With rumors of a PS Plus/PS Now overhaul reaching something of a boiling point, PlayStation fans have been combing over everything the company has been doing as of late with a fine toothed comb which resulted in the discovery of an updated patent filed by the company. The patent is for backward compatibility features that would allow current PlayStation consoles to be able to run titles from older generations.
Spotted first by Shaun McIlroy on Twitter, the patent was refiled by PlayStation architect Mark Cerny on January 6, 2022. While it seems like it might be a major piece of evidence to support the rumored “Project Spartacus” which is reported to include backward compatibility options not previously seen on the PS4 and PS5, it’s important to note that the patent has been around for quite some time.
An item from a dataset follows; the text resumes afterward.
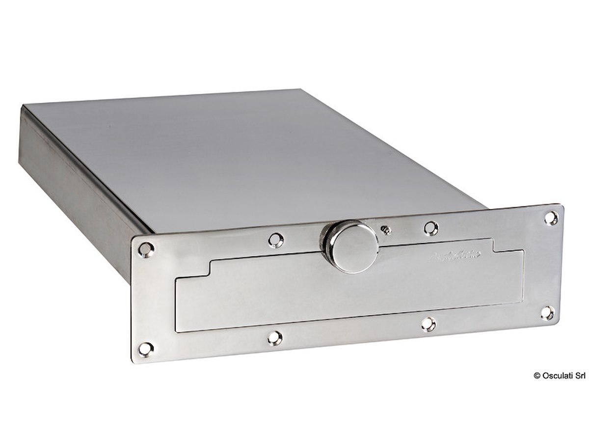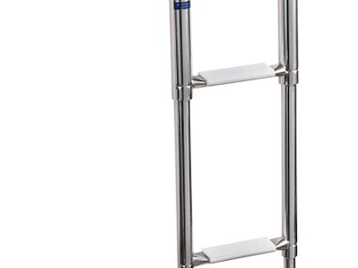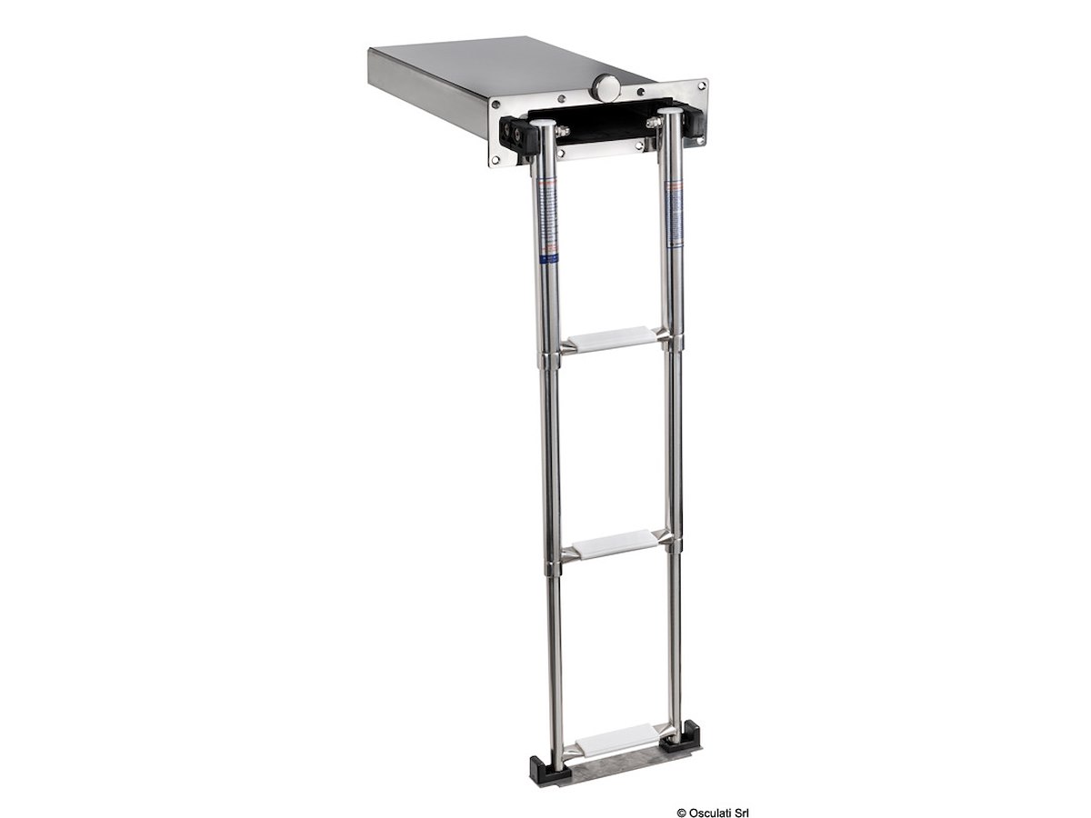 Scaletta telescopica ad incasso compatta da 3 gradini + box da incorporare nello spessore della plancetta. Le sue dimensioni ridotte la rendono ideale per le imbarcazioni più piccole.
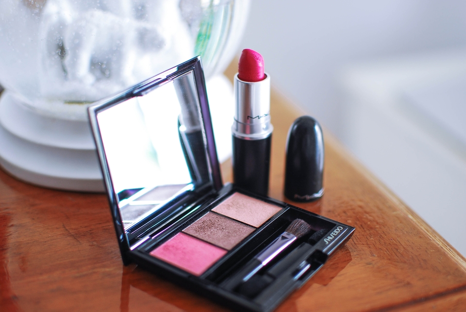 Nem toda a gente aguenta esta fórmula, mas sem dúvida que é dos meus acabamentos preferidos já para não falar no rosa rico e vivaço que ilumina qualquer tez cinzenta e triste. A melhor forma de combinar um batom deste calibre, é mesmo desleixar a cor dos olhos mas com muita máscara de pestanas ou então, apostar em cores neutras ou, mais uma vez, da mesma família. Daí que, o resolvi emparelhar com esta paleta da Shiseido, recheada com rosas delicados e malva (que comprei a pensar na mãe de uma noiva que tive e ficou linda) pois parece-me ser uma combinação deliciosa e muito feminina.

Initially filed in 2015, the patent for backward compatible options was linked to the PS4 Slim and PS4 Pro which released in late 2017, around the time that the patent was refiled for the first time. It was then refiled again on January 10, 2020 and now it’s happened once more leading fans to believe that, finally, Sony is doing something about its consoles’ lack of solid backward compatibility options.
It’s still unclear what the plans are for the patent as fans have gotten their hopes up with each subsequent refiling of it; however, many signs seem to be pointing to Sony’s rumored online service revamp. That said, there are just as many signs pointing to this week’s filing of the patent being a simple matter of routine given the fact that it’s been refiled consistently every two years or so since it was initially filed.
When looking through the different claims of the patent, they do paint an ideal picture of what fans would want out of PS4 and PS5 backward compatibility, but it’s been doing that since the early days of the PS4, so there’s a big possibility that the refiling of the patent doesn’t indicate anything about the future of the consoles. Currently, all fans can do is continue hoping that this is the time that the patent sticks and actually makes a debut on PlayStation consoles, but other than its coincidental timing, there’s not much to suggest that this time, it’ll be used. After all, Sony, along with all gaming hardware companies, files for patents all the time for hardware that doesn’t see the light of day for several years.